В своей статье «Слов творец или кормчий человеков?» Радлов писал, что «равноправность слова с жестом вне сомнений», «драматург создает двигающегося и говорящего человека, – человека с движениями и словами, а не слова для декламирующего актера» [Радлов, 1929: 71]. В первой пантомиме пьесы «Убийство Арчи Брейтона» напряженный диалог внезапно сменяет экспрессивная пантомима. Она демонстрирует движения персонажей, доходящие до гротескных («судорожных, фантастически быстрых» [Радлов, 2005: 370]), эмоциональных жестов. Вот описание второй пантомимы (из 8-й сцены):
(Головою к зрителям лежит убитый Арчибальд Брейтон в спокойном положении усопшего, который ждет обряда погребения. Во время слов его, которые он произносит с спокойной торжественной медлительностью.)

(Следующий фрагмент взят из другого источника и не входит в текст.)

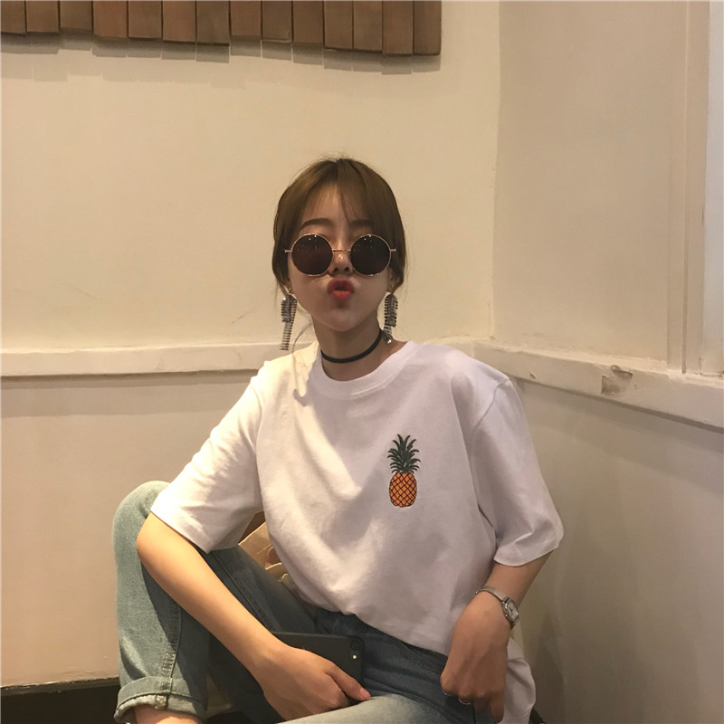 夏季新款闺蜜情侣装男女学生班服菠萝印花潮流短袖T恤打底衫上衣

Пантомима: с лихорадочной быстротой в судорожной суетливости мелькают перед нами полузнакомые сцены, – грабитель нападает на Боггса, борьба их, они – сговариваются об убийстве, лица их отвратительно взволнованы, они трудятся над взломом двери, танцовщица молит их пощадить Брейтона, ее отталкивают – позорная суета жизни в их движениях.
Брейтон. Вот, я лежу убит и время мое остановилось и вокруг меня пустота, неподвижная как стеклянный куб [Там же: 372].
Контраст между «спокойной торжественной медлительностью» слов умершего, неподвижной пустотой пространства вечности вокруг него и «судорожной суетливостью», «отвратительной взволнованностью», «позорной суетой» человеческой жизни является очень важным в этой сцене. Пантомима приобретает здесь метафизический смысл, язык немого кино, кинематографическую выразительность. Для ускорения ритма сюжета, усиления емкости содержания, экспрессии и общего впечатления абсурдности жизни драматургу вместо голоса или слов необходима была творческая, лаконичная и выразительная пантомима. Авторские указания, описывающие обстановку в сцене, показывают медленный ход сценического времени (хотя и нарушаемый хронологическими перестановками). Следующая за ними пантомима резко меняет ритм пьесы, что создает яркий гротескный контраст.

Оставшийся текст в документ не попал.